TONY: 'Feeling art' is
never absolute, nor, for that matter, is most 'awareness art' completely
detached from feeling-engendering qualities, as we discover when we respond to,
say, a Neo-Plastic work as though it were intended to reflect a higher concept
of the Beautiful. But to the extent that
a distinction of sorts does in fact exist between them, then yes - aesthetic
art pertains, even when only tenuously beautiful, to the tradition, whereas
'awareness art' pertains to what is truly modern, as signifying a post-atomic
bias for electron freedom. One could
speak of materialistic art on the one hand and of idealistic art on the other -
a distinction extending across the entire spectrum of petty-bourgeois
creativity and even into the, by comparison, nominally proletarian realms of
light art and holography.

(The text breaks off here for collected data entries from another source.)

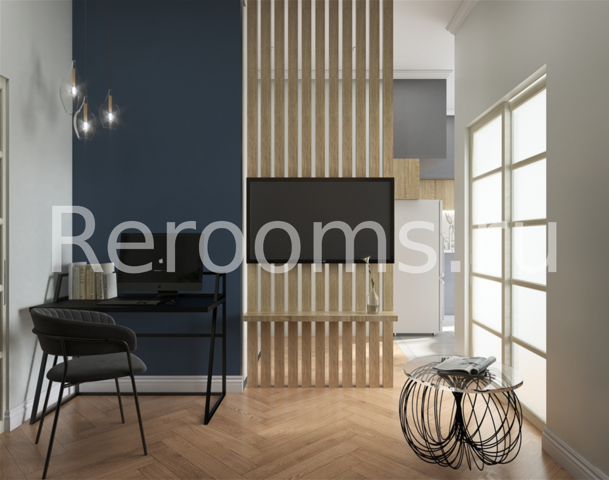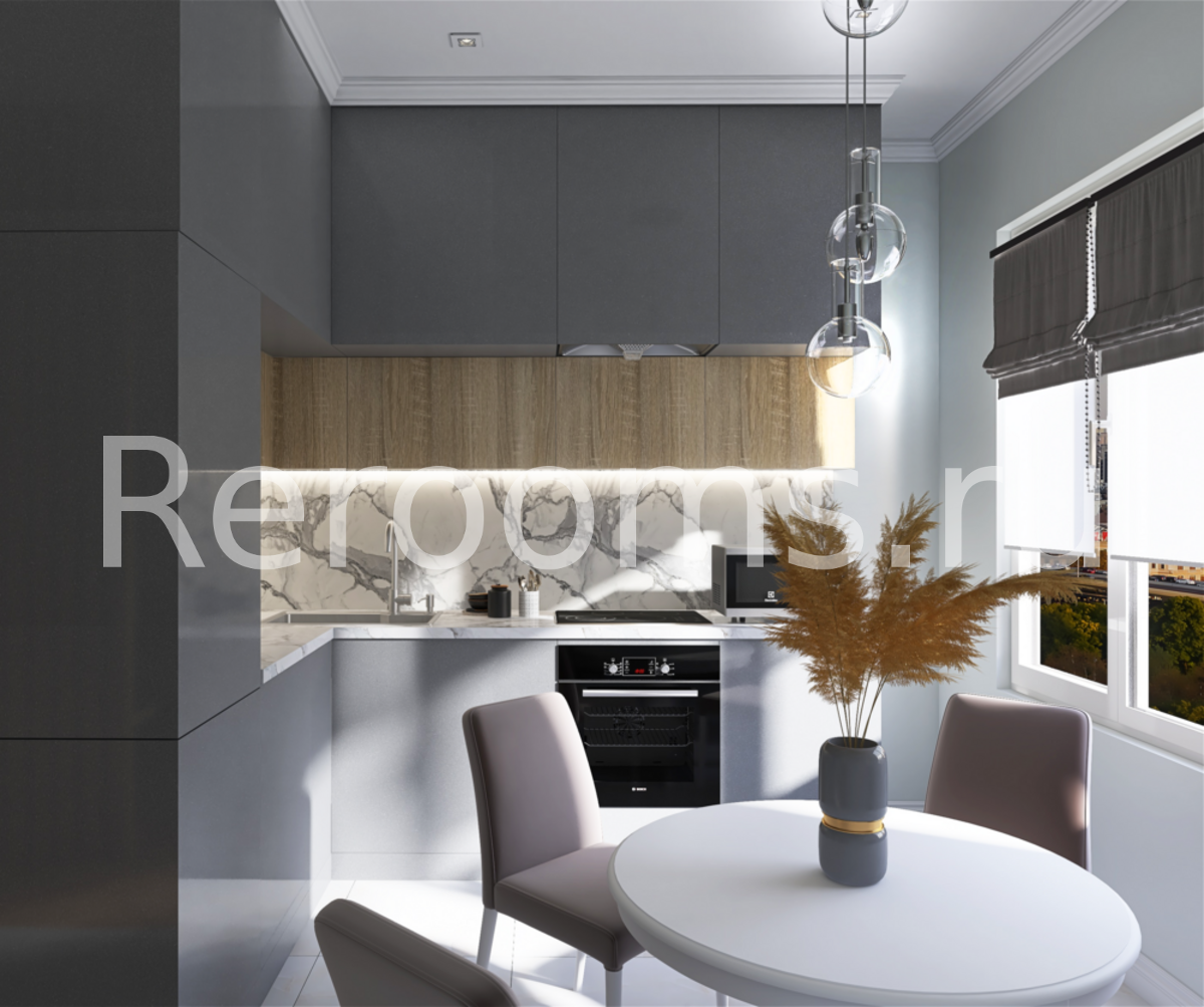 Дизайн этой двухкомнатной квартиры выдержан в современном стиле. Цветовая палитра в различных оттенках серого с использованием более глубоких акцентных тонов делает помещение ультрамодным и красивым. Интересная архитектура пространства, комбинация различных материалов и оригинальный световой сценарий - все это работает на общую концепцию интерьера.
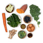 Beef, Beef Heart, Beef Liver, Beef Kidney, Whole Egg, Flaxseed, Sweet Potato, Cod Liver, Carrots, Apples, Blueberries, Pumpkin Seeds, Spinach, Inulin, Cranberries, Ginger, Broccoli, Kale, Sodium Bicarbonate, Dried Enterococcus faecium Fermentation Product, Dried Lactobacillus acidophilusFermentation Product, Dried Lactobacillus casei Fermentation Product and Mixed Tocopherols. Guaranteed Analysis: Crude Protein...43% min, Crude Fiber...2.5% max, Crude Fat...31.5% min, Moisture...7% max
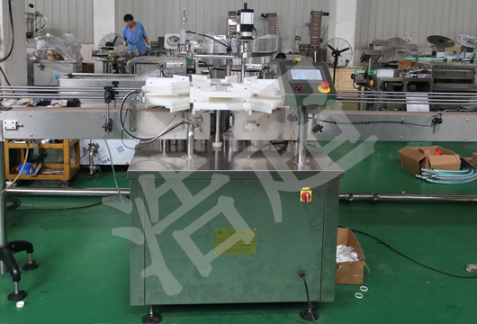 本機(jī)是由我公司為客戶量身定制的一款用于口服液和糖漿的灌裝、上塞、旋(軋)蓋機(jī)。本機(jī)采用封閉式凸輪分度工位器,精度高,運(yùn)行可靠,使用壽命長(zhǎng)。該分度器結(jié)構(gòu)簡(jiǎn)單,長(zhǎng)期使用無(wú)需維修。
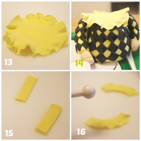 15- Cortamos dos tiras de fondant amarillo estirado fino.
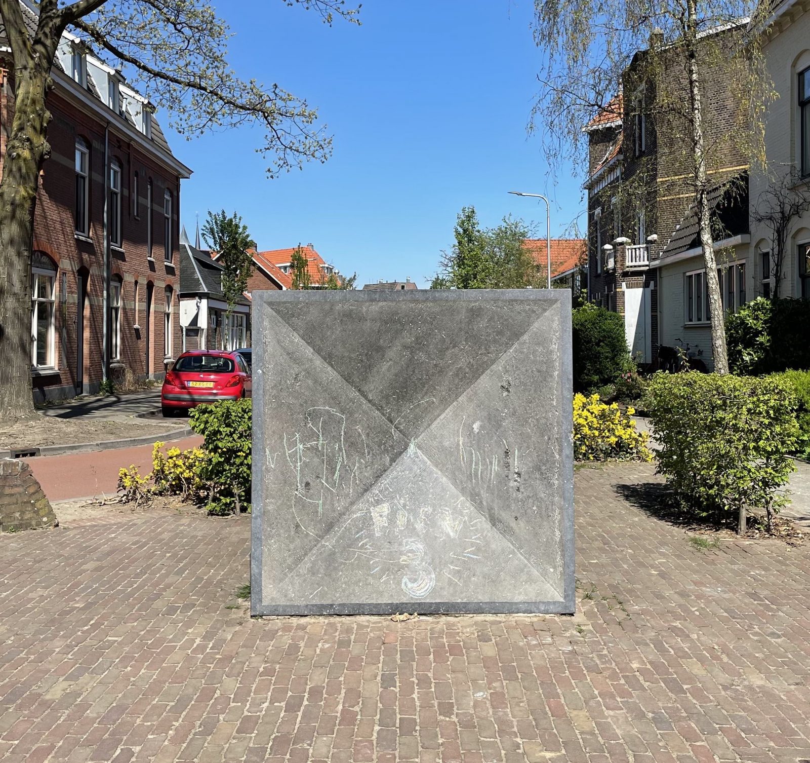 De steen op het Nijmeegse kruispunt zag ik nooit als een kunstwerk, het ging op in de omgeving. Vier jaar nadat de steen geplaatst werd kwam ik drie huizen verderop ter wereld. Ik speelde als kind op en rondom de steen en verhuisde nog voordat ik überhaupt na ging denken over objecten in de openbare ruimte die er anders uitzien dan de rest. Voor mij was dit object zoiets als een bankje of schommel: vormen in mijn omgeving waar ik een stuiterbal tegen aan kon gooien, bovenop kon zitten of hard omheen kon rennen. Ik ontdekte deze vorm pas als kunstwerk toen ik onlangs de kunstenaar sprak en hem online opzocht. Blijkbaar speelde ik als kind al met kunst. Het aanwezige stoepkrijt doet vermoeden dat het publiek er nog lang niet mee is uitgespeeld.

From a
proton/bound-electron distinction in atomic art, we progress towards a
quasi-electron/free-electron distinction on the post-atomic levels of much
twentieth-century art. From works in the
former contexts that directly appeal to the emotions and indirectly to
awareness ... towards works in the latter contexts that indirectly appeal to
the emotions and directly to awareness.
EDWIN: You are
alluding, I presume, to works, in the former contexts, of concrete beauty and
concrete truth respectively, but to works, in the latter contexts, of abstract
beauty and abstract truth respectively.
TONY: To be sure, and to works, in the latter contexts, of
abstract beauty that may well appear ugly and give rise, in consequence, to
less than positive emotions! Perhaps
they are a better incentive than more concrete works to our turning away from
emotions and embracing awareness instead?
I, at any rate, have always found so, which is why I prefer them to more
traditionally aesthetic works, despite the difference in quality of the
emotions engendered. Even a negative,
indirect incentive to awareness is preferable to no incentive at all!
EDWIN: Ah, I'm almost
afraid that I shall have to agree with you, incorrigible aesthete that I am!